Key Immune System Genes Identified to Explain High COVID Deaths and Spread in Northern Italy Versus Fewer Cases and Deaths in the South

To investigate whether a specific genetic asset could have contributed to protect Southern citizens, Antonio Giordano, M.D., Ph.D., Founder and Director of the Sbarro Institute for Cancer Research and Molecular Medicine, Temple University, in Philadelphia and Professor of Pathology at the University of Siena, Italy, and his research team investigated the prevalence of alleles of the Human Leukocyte Antigen (HLA) gene system in the Italian population. The HLA system is a highly polymorphic set of genes, inherited in block by the parents, which encode molecules with a key role in shaping the antiviral immune response. Specific alleles of the HLA system are associated with development of a wide range of diseases including autoimmune diseases and viral infections.

The authors performed a geographical ecological study evaluating the possible association of HLA allele prevalence and Covid-19 incidence across the twenty Italian regions and their provinces. HLA data were retrieved from the published dataset of the Italian Bone Marrow Donor Registry including nearly 500.000 donor volunteers. The authors selected those HLA alleles which showed differences in prevalence across the country to assess whether they could correlate with the new coronavirus infection. Overall the authors identified a set of 7 HLA class I alleles which showed a positive association with Covid-19 incidence data (provided by the Civil Protection) and 3 HLA class I alleles, which showed a negative association.

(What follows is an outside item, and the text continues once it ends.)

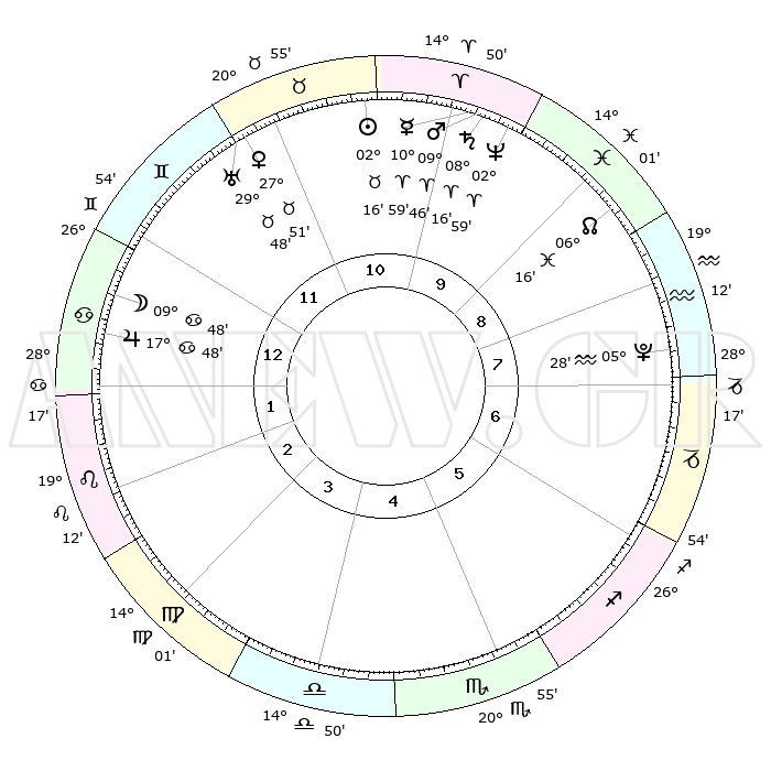 | | ΘΕΣΕΙΣ ΠΛΑΝΗΤΩΝ ΑΣΤΡΟΛΟΓΙΚΟΥ ΧΑΡΤΗ ΤΗΣ ΣΤΙΓΜΗΣ ΑΥΤΗΣ | | | | Πλανήτης | Ζώδιο | Μοίρες | Δεκαήμ. | Σε οίκο | Απόκλιση | | Ακμές των οίκων | | Ηλιος | Ταύρος | 02°13' | Πρώτο | 11 | 12 N 14 | | 1ος | 11°23' | Καρκίνος | | Σελήνη | Καρκίνος | 08°60' | Πρώτο | 12 | 27 N 28 | | 2ος | 01°48' | Λέων | | Ερμής | Κριός | 10°54' | Δεύτερο | 10 | 01 N 57 | | 3ος | 24°34' | Λέων | | Αφροδίτη | Ταύρος | 27°46' | Τρίτο | 11 | 20 N 09 | | 4ος | 22°46' | Παρθένος | | Αρης | Κριός | 09°43' | Πρώτο | 10 | 02 N 59 | | 5ος | 28°11' | Ζυγός | | Δίας | Καρκίνος | 17°47' | Δεύτερο | 1 | 22 N 38 | | 6ος | 06°56' | Τοξότης | | Κρόνος | Κριός | 08°16' | Πρώτο | 10 | 01 N 18 | | 7ος | 11°23' | Αιγόκερως | | Ουρανός | Ταύρος | 29°48' | Τρίτο | 11 | 19 N 56 | | 8ος | 01°48' | Υδροχόος | | Ποσειδώνας | Κριός | 02°59' | Πρώτο | 10 | 00 S 01 | | 9ος | 24°34' | Υδροχόος | | Πλούτωνας | Υδροχόος | 05°28' | Πρώτο | 8 | 22 S 48 | | 10ος | 22°46' | Ιχθείς | | Β. Δεσμός | Ιχθείς | 06°16' | Πρώτο | 9 | 09 S 12 | | 11ος | 28°11' | Κριός | | Ωροσκόπος | Καρκίνος | 11°23' | Δεύτερο | | | 12ος | 06°56' | Δίδυμοι | | Μεσουράνημα | Ιχθείς | 22°46' | Τρίτο | | | |

The authors then performed a multivariable regression analysis to examine HLA alleles independently of each other to rule out mutual confounding and including also the regions in the model as possible confounders. The analysis showed that, among the ten alleles, only HLA-B*44 and C*01 alleles maintained a positive and independent association with Covid-19 incidence, suggesting that these variants might be permissive to viral infection. The authors zoomed into regions such as Emilia Romagna and Marche which showed unexplained intra-regional differences within provinces. Here the prevalence of B*44 could almost exactly predict the incidence of Covid-19.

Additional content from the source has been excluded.